Groups want lethal control programs ended-

Here is the news release:

WILLIAMS, Ore.– Today, 115 conservation, animal protection, ranching, and faith-based organizations submitted a letter to Tom Vilsack, the Agriculture Secretary nominee, urging him to end the federal government’s systematic killing of wildlife, including wolves, coyotes, bears, cougars, and prairie dogs. Members of the coalition – comprised of Big Wildlife, Center for Biological Diversity, Creation Care Study Program, Christians for Environmental Stewardship, Humane Society of the United States, Public Employees for Environmental Responsibility, Sierra Club, and Ranchers for Rural Responsibility, among many others – said that each year the U.S. Department of Agriculture’s Wildlife Services kills millions of wild animals, primarily on behalf of agribusiness. Coalition members said halting the agency’s “lethal control” programs should be one of the nominee’s first steps once he is confirmed as Secretary of Agriculture. (See complete list of signatories below.)
USDA Wildlife Services, a secretive federal agency that has largely avoided public scrutiny, employs a variety of cruel and often haphazard and indiscriminate methods to kill wildlife. Animals are shot from airplanes and helicopters, poisoned, gassed in their dens, bludgeoned after capture in steel leghold traps, strangled in wire snares, and pursued with hounds and then shot. Other animals, even family dogs and cats, are unintentionally injured or killed by agency actions. In 2007 alone, Wildlife Services killed 2.4 million animals, including 121,565 carnivores. The agency reported it spent more than $100 million in 2007 to kill wildlife, most of which was funded by taxpayers. Among those animals killed in 2007: 90,262 coyotes, 2,277 gray foxes, 2,412 red foxes, 2,090 bobcats, 1,133 cats, 552 dogs, 577 badgers, and 340 gray wolves.

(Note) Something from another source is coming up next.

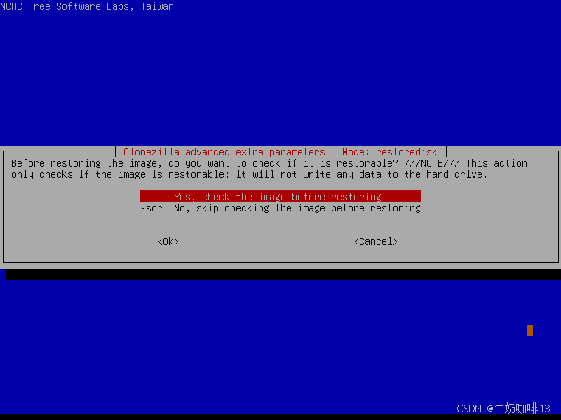 《12》选择【Yes check the image before restoring】(即:恢复之前检查镜像)后按下Enter键,如下图所示:

“Wildlife Services has much blood on its hands. The agency is committing crimes against animals that make Michael Vick’s Bad Newz Kennels look like doggy day care,” said Brian Vincent, communications director for the wildlife protection group Big Wildlife. “Most Americans have no idea their tax dollars are used to brutalize countless bears, cougars, wolves, and coyotes.”

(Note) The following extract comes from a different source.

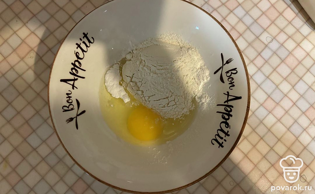 В миску поместите соль, сахар, яйцо и муку.

USDA Wildlife Services kills carnivores and smaller animals such as prairie dogs to appease the livestock industry and kills a myriad of other animals such as blackbirds on behalf of other agribusiness enterprises. This winter, Wildlife Services killed all 27 wolves of a pack near Kalispell, Mont. In 2008, the agency wiped out seven wolf packs, pups and all, in the Big Sky state. In Oregon, Wildlife Services is coordinating with state officials to kill nearly 2,000 cougars. In New Mexico and Arizona over the past 10 years, Wildlife Services has killed and removed far more than the 50 or so remaining endangered Mexican gray wolves in the wild. The agency has perpetuated hostility towards many carnivore species, especially coyotes, by characterizing them as vermin or nuisance animals. Each year, the agency kills tens of thousands of coyotes.

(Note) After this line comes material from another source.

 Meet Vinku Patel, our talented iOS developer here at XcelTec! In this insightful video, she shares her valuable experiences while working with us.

” ‘Wildlife Services’ ” is a perfectly Orwellian name for an agency that serves wildlife with cyanide baits, lead bullets, and steel leghold traps,” said Michael Robinson, conservation advocate for the Center for Biological Diversity in Silver City, N.M. Robinson is the author of a detailed history of the agency titled “Predatory Bureaucracy: The Extermination of Wolves and the Transformation of the West” (University Press of Colorado, 2005).

Robinson’s book recounts that Wildlife Services was founded in 1885 under a different name, and began its wildlife extermination program in 1915. In 1928, responding to criticism from wildlife biologists, the agency pledged not to exterminate any species and stopped using the word “exterminate,” substituting it with “control.” However, in 1945 the agency killed the last gray wolf in the western United States, in southern Colorado. In the 1960s, after Wildlife Services officials told Congress the agency would not exterminate wildlife, it wiped out red wolves from the southeastern United States, California condors in their namesake state, and blackfooted ferrets on the Great Plains, as well as the Mexican gray wolf in the Republic of Mexico, having gained permission from Mexican authorities. The last survivors of each of these species were captured, bred in captivity and subsequently reintroduced to save the species from extinction.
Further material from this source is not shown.